Expression, localization and regulation of NADPH oxidases in pancreatic beta cells.

Abstract

Objectives: Reactive oxygen species (ROS) are short-lived and act in a site-specific manner, underscoring the importance of identifying the subcellular localization of their sources. ROS-generating NADPH oxidases (NOX) regulate pancreatic beta cell (dys)function. However, their subcellular localization and cytokine-mediated regulation in these cells remain largely unknown. We characterized the expression, subcellular localization and time-dependent cytokine-induced regulation of NOX isoforms in beta cells.

Methods: Isoforms were studied via RT-qPCR, immunoblotting and immunofluorescence in rat islets and beta cell lines.
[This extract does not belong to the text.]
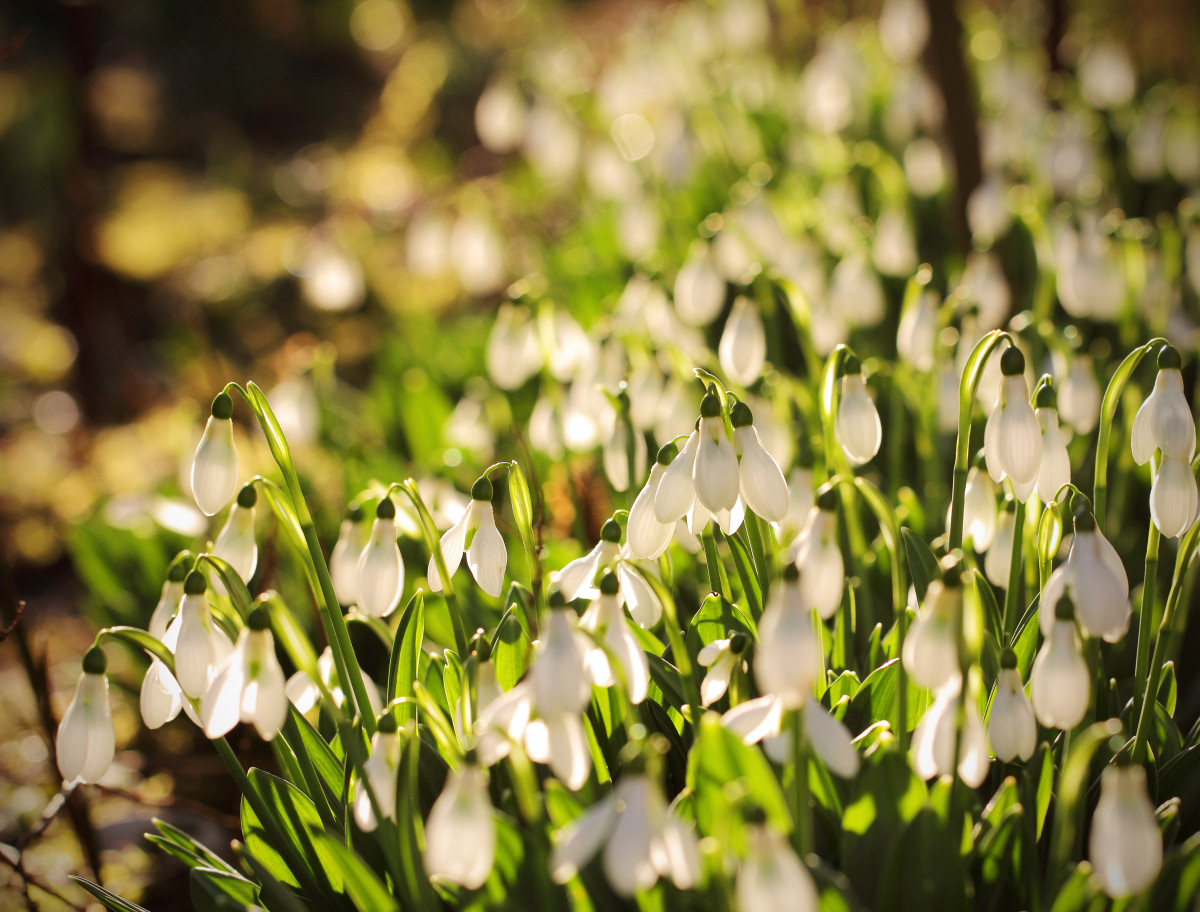 Плавно аккорды весенней капели подхватывают жизнерадостные и утонченные подснежники. Нередко изящные цветы возвышаются над снежным покровом. Стебель высотой до 15 см украшает белоснежный цветок вторящий форме капель с крыш. Подобно ковру они устилают пока еще голую почву. Выберите им в компаньоны хионодоксу, крокусы, весенник или адонис.

Results: Beta cells express DUOX1 and DUOX2 proteins and Duoxa2 transcripts; lacking Duoxa1 expression. In INS-1E cells, NOX1 and DUOX1 localize in the endoplasmic reticulum (ER); DUOX2 in insulin vesicles; and NOX2 and NOX4 in vesicles, ER and plasma membrane. In INS-1E, cytokines increased expression of Nox1 and Duox1 at 4-8 h (returning to baseline at 16 h) and Nox2 and p47phox at 8 h (persisting until 24 h). Duox(a)2, p67phox and p40phox were downregulated and DUOX1 upregulated at 16-24 h.

Conclusion: The absence of Duoxa1 in beta cells might lead to DUOX1 mismatching, impairing its trafficking and activity. NOXs in beta cells are diverse in subcellular localization and cytokine-induced regulation, suggesting their isoform-specific involvement in beta cell function, stress and apoptosis.